The time evolution of the chemical species is governed by the dimensionless system \begin{align} \dot{u}=\frac{\alpha_1}{1+v^{\beta}}-u\\ \dot{v}=\frac{\alpha_2}{1+u^{\gamma}}-v \end{align} where $u$ is the concentration of repressor 1 and $v$ is the concentration of repressor 2. $\alpha_1$ and $\alpha_2$ are the production rates dictated by the respective promoter, so that $v$ is produced at a maximal rate of $\alpha_2$ and $u$ at a maximal rate of $\alpha_1$. The ratios represent the well known Hill function for $K_m=1$ and $\beta$ and $\gamma$ are cooperativity coefficients. To analyse the model we first observe the nullclines by setting $\dot{x}=\dot{y}=0$, so we get \begin{align} u=\frac{\alpha_1}{1+v^{\beta}}\\ v=\frac{\alpha_2}{1+u^{\gamma}} \end{align} To see how the nullclines change throughout the four-dimensional parameterspace play with the paremeters $\alpha_1,\alpha_2,\beta, \gamma$. You can use Mathematica with the Manipulate command.
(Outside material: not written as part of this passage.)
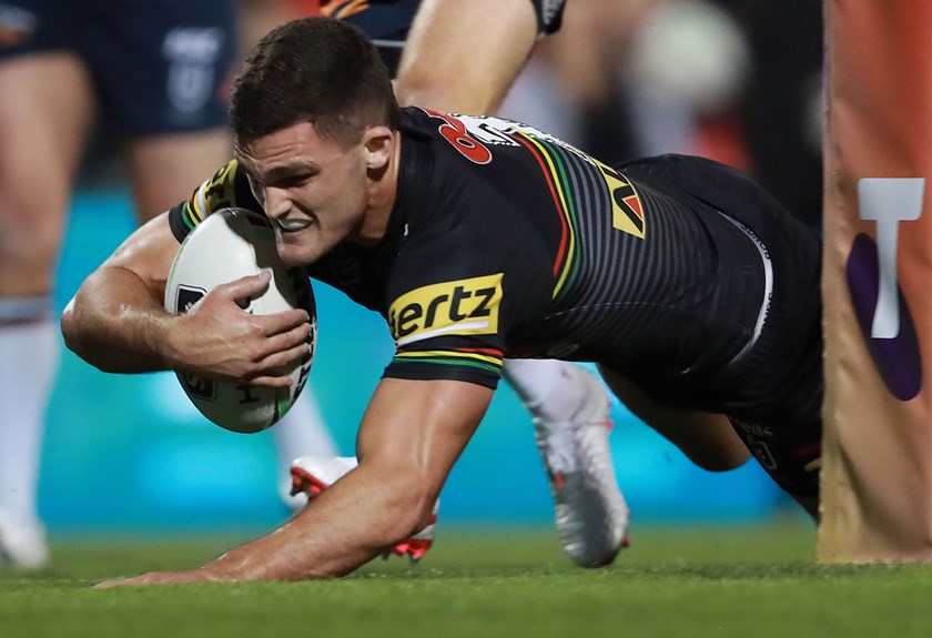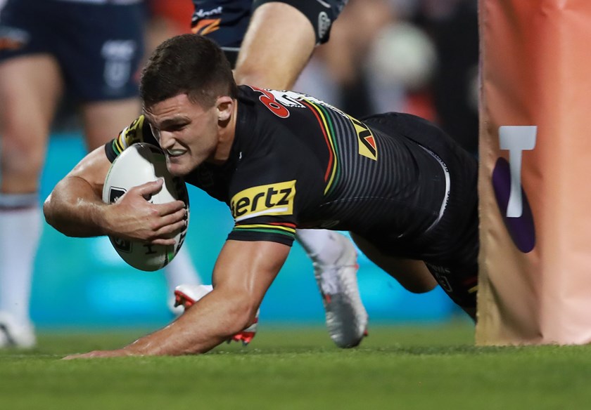Attacking the line, Edwards picked up an offload from Liam Martin and passed to Nathan Cleary on his inside for the halfback to score under the posts. Cleary added the conversion to make it 10-10 after 22 minutes.

$u[\text{a1$\_$},\text{b$\_$}]\text{:=}\text{a1}/(1+v{}^{\wedge}b)$

$\text{uv}[\text{a2$\_$},\text{g$\_$}]\text{:=}((\text{a2}-v)/v){}^{\wedge}(1/g)$

$\text{Manipulate}[\text{Plot}[\{u[c,e],\text{uv}[d,f]\},\{v,0,10\},\text{PlotRange}\to \{\{0,10\},\{0,10\}\},\text{AxesLabel}\to \{v,u\},\text{AspectRatio}\to \text{Automatic}, \text{BaseStyle}\text{-$>$}\{\text{FontWeight}\text{-$>$}\text{Bold},\text{FontSize}\to 20\},\text{Ticks}\to \text{None}],\{c,1,10\},\{d,1,10\},\{e,2,10\},\{f,2,10\}]$

For equal parameters $\alpha_1=\alpha_2$ the phaseportrait as well as the nullclines are symmetric accross the median, there exists an unstable fixed point that pushes the trajectory to one of the stable fixed points similar to the Competitive Exclusion Model problem. Also analogous to the Competitive Exclusion Model problem is the stable manifold going through the unstable fixed point, separating two basins of attraction, one for the 'high' fixed point and one for the 'low' fixed point. As $\beta$ is increased the blue nullcline becomes more step-like (in fact for $\beta \rightarrow \infty$ the nullcline becomes a stepfunction). Making $\alpha_1$ smaller and smaller the fixed points coalesce to a semistable fixed point and finally disappear, leaving only the fixed point we called the 'low' state in the Biology summary.

This results explain, why the pIKE105 strain does not exhibit bistable behaviour. Since the strength of the pIKE105 RBS is too weak, $\alpha_1$ is so small that the nullclines don't intersect, except at the 'low' state like displayed in the rightmost nullcline picture above.